- Winner: Colin Austen (Hawthorn) Ron Clegg (South Melbourne) 23 votes

= 1949 Brownlow Medal =

The 1949 Brownlow Medal was the 22nd year the award was presented to the player adjudged the fairest and best player during the Victorian Football League (VFL) home and away season. Colin Austen of the Hawthorn Football Club and Ron Clegg of the South Melbourne Football Club both won the medal by polling twenty-three votes during the 1949 VFL season.

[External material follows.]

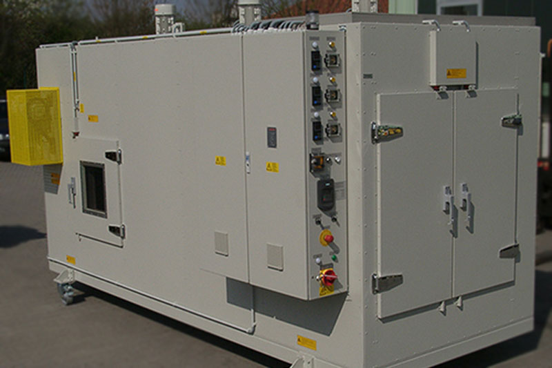 Dieser Umluft-Frischluftofen wird zum Polymerisieren von lösungsmittelfreiem Silikonkleber sowie zum Ausheizen von Silikon-Vergussmaterialien und Epoxydharzen bei der Herstellung von Leistungshalbleiter verwendet.

Under the tie-breaker rules in place in 1949, Clegg was originally the outright winner: he and Austen were tied on 23 votes, but Clegg polled six 3-vote games to Austen's five. In 1980, the League removed the tie-break from the rules and allowed for multiple tied winners in the same year, and in 1989 it retrospectively removed the tie-breaker from all previous counts, elevating Austen to joint winner of the 1949 medal.

== Leading votegetters ==

|  | Player | Votes |
| =1st | Col Austen (Hawthorn) | 23 |
Ron Clegg (South Melbourne)
| 3rd | Harold Bray (St Kilda) | 20 |
| 4th | John Coleman (Essendon) | 15 |
| =5th | Fred Flanagan (Geelong) | 14 |
Jim Ross (St Kilda)
| 7th | Ern Henfry (Carlton) | 13 |
| =8th | Bill Hutchison (Essendon) | 12 |
Don Cordner (Melbourne)
Bill Wilson (Richmond)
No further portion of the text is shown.